Facebook operations risk being suspended over hate speech

facebook logo phone man's hand app

Facebook logo on a Smartphone.

Photo credit: Shutterstock

 The National Cohesion and Integration Commission (NCIC) has threatened to recommend the suspension of social media giant Facebook from Kenya if it does not tame hate speech and incitement on its platforms.

This follows a new investigative report by Global Witness that revealed Facebook's failure to detect ads with hate speech messages. According to the report, Facebook approved 20 ads (10 in English and 10 in Kiswahili) promoting ethnic violence and calling for rape, slaughter and beheading of persons.

According to NCIC commissioner Danvas Makori, Facebook, a platform owned by Meta, has violated laws in the country and their efforts to get it take responsibility have failed. “They have allowed themselves to be a platform of hate speech, misinformation and disinformation in clear violation of NCIC Act and Communications Act of Kenya,” Mr Makori said.

The commissioner accused the platform of applying double standards in content modulation. “The content modulation of Facebook in other countries such as the US and those in Europe is robust. We are giving Facebook time to comply with our laws and regulations on hate speech.

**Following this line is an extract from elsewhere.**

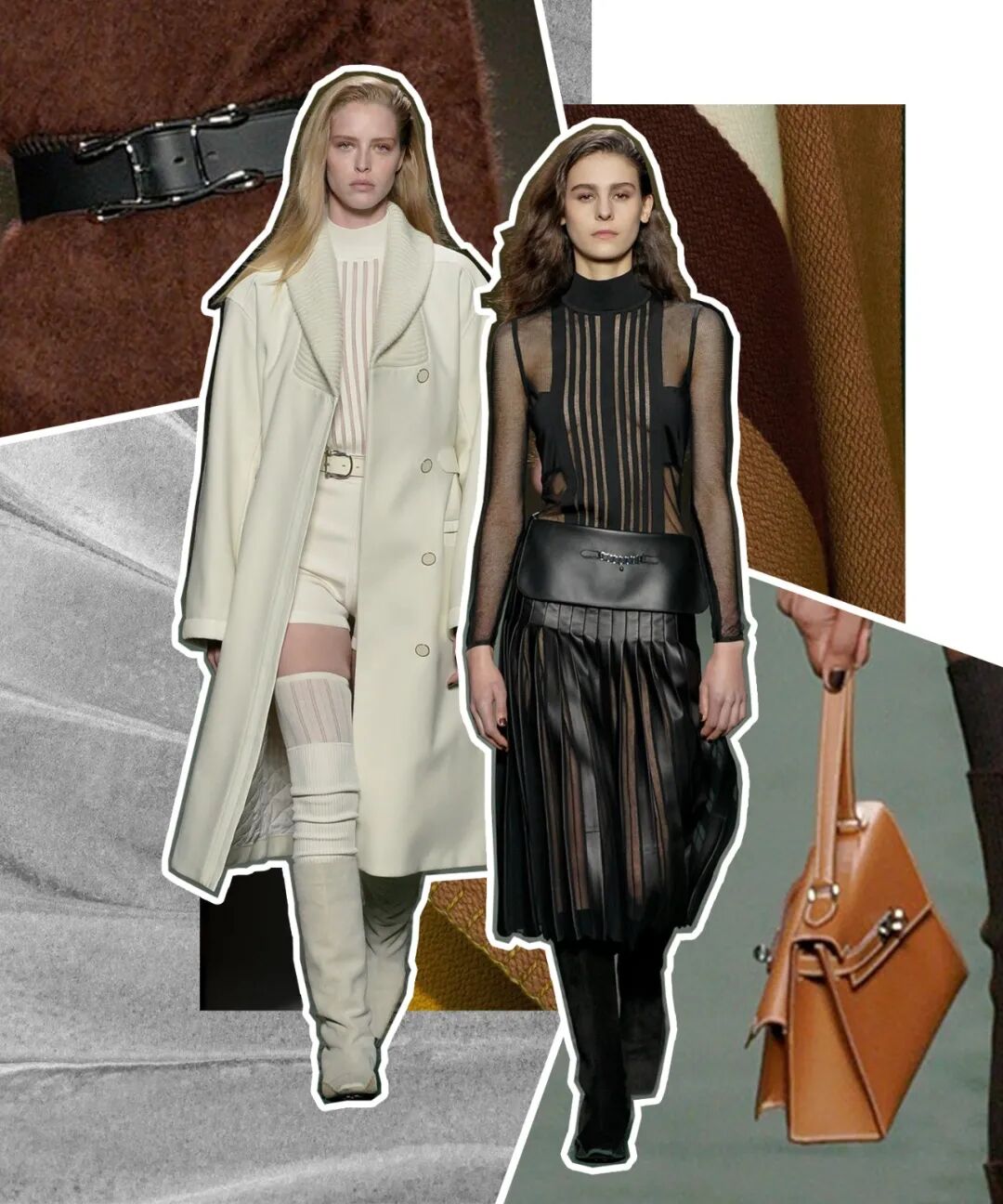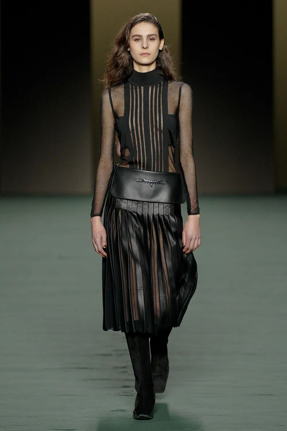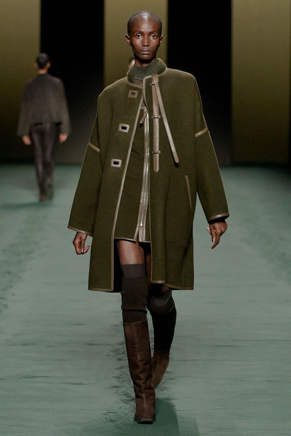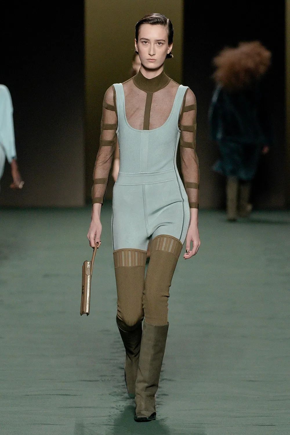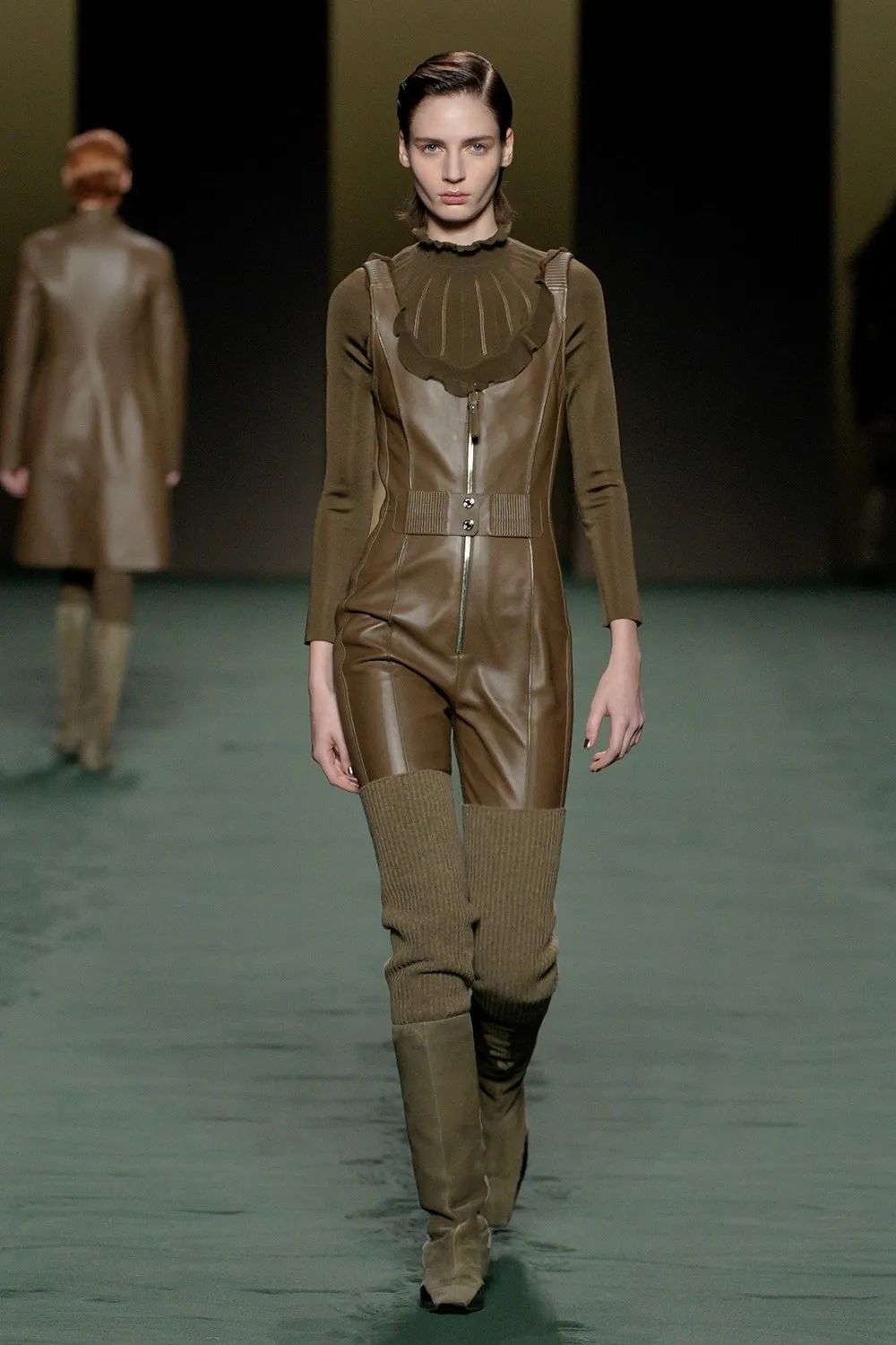 硬朗野性的皮革元素被重新诠释,剪裁更加靠近贴合身形的方向,女性的细腻柔软有了弧度。皮革跟其他材质的拼接也有大量出现,在原本厚重的毛呢大衣和贴肤的网纱里加入皮革元素,空灵感更甚。大胆的透视元素在此系列中多次出现,模特身着神秘的透明肤感针织衫,仿佛20世纪50年代初期出没于巴黎塞纳河左岸地下俱乐部的猫女,不受规则的桎梏,只有无尽的野性和优雅。表达女性内心真实的声音,依旧是爱马仕本季女装强调的时装态度。通过硬挺线条、利落的剪裁来刻画一个都市时髦女性的形象。同时用沉淀的品牌底色告诉观者,衣服最大的意义是“能陪伴你多久”。爱马仕外套的廓形一向值得细品,宽松舒适又明确线条,不会刻意束缚女性,也经得起时间的考验。无论是行走还是站立,都呈现洒脱有型的女性风格。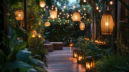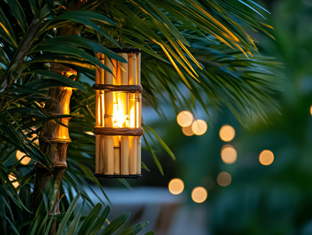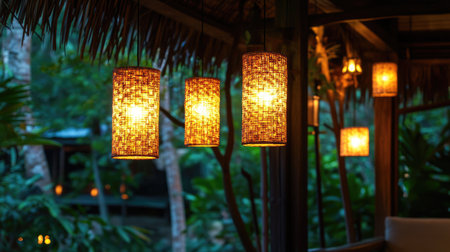 This image showcases beautifully woven bamboo lanterns illuminating a lush tropical environment at dusk, creating a cozy and inviting atmosphere perfect for relaxation.

If Facebook does not comply within seven days, we will recommend the suspension of its operations,” he added.

Danvas Makori ncic Facebook hate speech

National Cohesion and Integration Commission (NCIC) Commissioner Dr Danvas Makori.

Photo credit: Francis Nderitu I Nation Media Group

NCIC also wondered why the platform has continuously rejected the peace campaign content the agency has been pushing on the platform, yet it allows hate speech content.

An investigation by the Global Witness exposed Fakebook’s vulnerably and failure in detecting hate speech ads calling for ethnic violence in the lead-up to the August 9 election. This is after Facebook approved 20 ads submitted to the site by Global Witness to test its strictness in detecting and stopping the spread of messages that could ignite violence.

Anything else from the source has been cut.